South Korea is the more vulnerable of the two as its economy is only one-third the size of Japan’s, which is in turn about one-third of China’s. Thus it is not surprising that South Korean experts saw Japan’s government as more willing than their own to support assertive U.S. trade policies toward China. Japanese experts agreed, stating that Tokyo is already discussing “selective decoupling” from China with Washington.

COOPERATION ON energy and energy technologies can play a central role not only in buttressing alliances and supporting a global transition to clean energy, but also in contributing to U.S. innovation, growth, trade, jobs, and competitiveness.

We use energy to generate electricity, to produce heat for residential, commercial, and industrial uses, and to provide mobility. However, various energy sources are not equally suited to each of these tasks, especially when incorporating clean energy goals. Energy-dense fossil fuels are efficient for power, heat, and mobility, but are only “clean” in conjunction with technologies that prevent carbon dioxide from entering the atmosphere. Nuclear energy provides efficient carbon-free power and heat, but has limited applications for mobility (in some warships and submarines). Solar photovoltaic technology and wind can provide clean—if variable—power, as well as mobility by charging EV batteries, but do not deliver the high heat needed for industrial processes like steelmaking. In tandem with clean energy for processing, fossil fuels can also serve as a source of hydrogen, which can, in turn, provide carbon-free power, heat, and mobility through combustion or fuel cells. Some hope to use nuclear, solar, and wind energy to produce hydrogen through electrolysis of water, which splits its hydrogen and oxygen atoms. 

The United States, Japan, and South Korea can be close energy partners because they share challenges and have impressive technological capabilities.
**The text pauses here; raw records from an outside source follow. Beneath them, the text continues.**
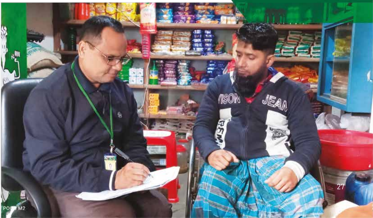
A CBR staff member visiting a patient with SCI to assess his present condition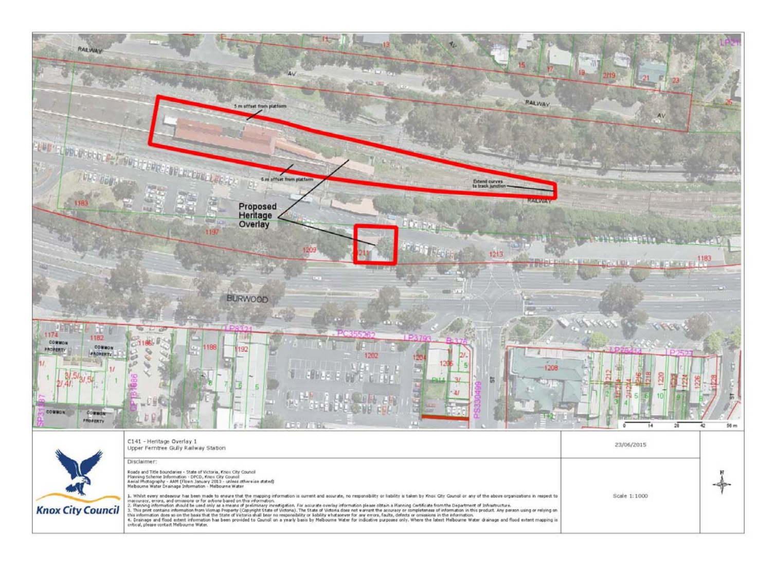
Figure 4 Railway Station and Visitor Information Centre proposed Heritage Overlay.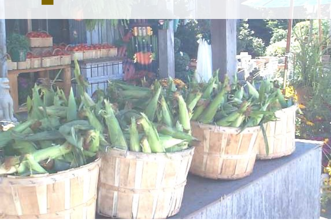
Farm Stand in Hollis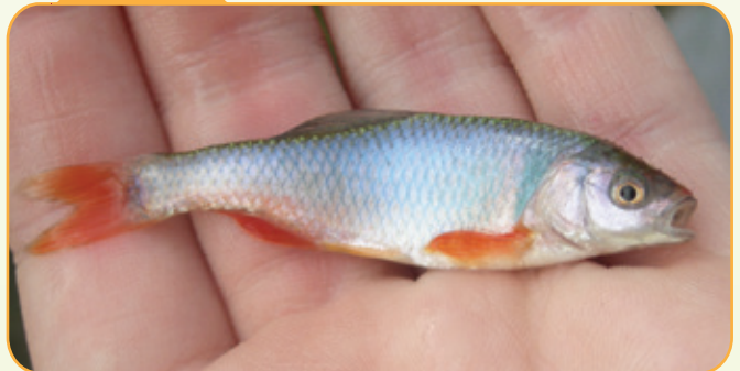
Red Shiner Cyprinella lutrensis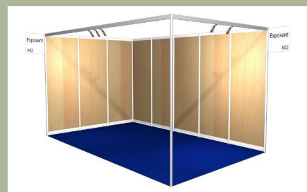
THE BASIC STAND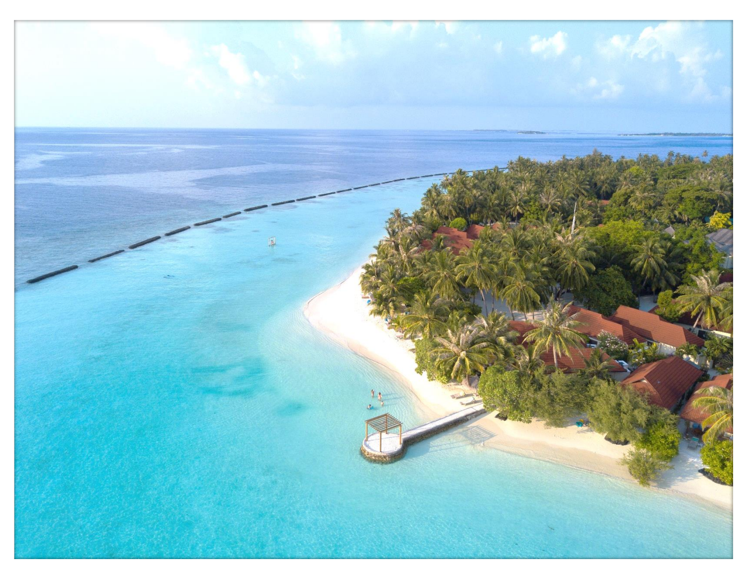
Just moments away from the final countdown, we welcome you to our 32nd issue of Kurumba's Newsletter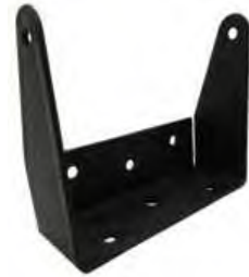
BR207 Metal Bracket for SP207 speaker Dealer's Price: $7.45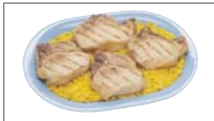
50 Pork Chops, Center Cut Cooked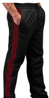
BURGUNDY/ BLACK ATHLETIC JOGGERS

Moreover, while they are commercial competitors in some areas (such as gas turbines, nuclear reactors, solar panels, and EVs), their economies are complementary in others (especially U.S. natural gas exports, which are critical to both Tokyo’s and Seoul’s energy transition strategies today and could be—like hydrogen—in the future as well). In highly competitive areas, cooperation can become more difficult as technologies move from early research and development to demonstration and commercial deployment.